The forward slashes are not special in either PHP nor RegEx, and thus do not need to be escaped, and the ID could be a different length.
Here is the subject:
http://www.mysite.com/files/get/937IPiztQG/the-blah-blah-text-i-dont-need.mov
What I need using regex is only the bit before the last / (including that last / too)
The 937IPiztQG string may change; it will contain a-z A-Z 0-9 - _
Here's what I tried:
$code = strstr($url, '/http:\/\/www\.mysite\.com\/files\/get\/([A-Za-z0-9]+)./');
EDIT: I need to use regex because I don't actually know the URL. I have string like this...
a song
more text
oh and here goes some more blah blah
I need it to read that string and cut off filename part of the URLs.
You really don't need a regexp here. Here is a simple solution:
echo basename(dirname('http://www.mysite.com/files/get/937IPiztQG/the-blah-blah-text-i-dont-need.mov'));
// echoes "937IPiztQG"
Also, I'd like to quote Jamie Zawinski:
"Some people, when confronted with a problem, think 'I know, I'll use regular expressions.' Now they have two problems."
This seems far too simple to use regex. Use something similar to strrpos to look for the last occurrence of the '/' character, and then use substr to trim the string.
/http:\/\/www.mysite.com\/files\/get\/([^/]+)\/
How about something like this?

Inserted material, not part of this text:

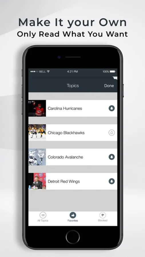 * Customize your feed - choose your favorite topics, the topics you want to block from your feed, and the topics you want to get notifications about

Which should capture anything that's not a /, 1 or more times before a /.
The greediness of regexp will assure this works fine ^.*/
The strstr() function does not use a regular expression for any of its arguments it's the wrong function for regex replacement.
Are you thinking of preg_replace()?
But a function like basename() would be more appropriate.
Try this
$ok=preg_match('#mysite\.com/files/get/([^/]*)#i',$url,$m);
if($ok) $code=$m[1];
Then give a good read to these pages
http://www.php.net/preg_match
preg_replace
Note
the use of "#" as a delimiter to avoid getting trapped into escaping too many "/"
the "i" flag making match insensitive
(allowing more liberal spellings of the MySite.com domain name)
the $m array of captured results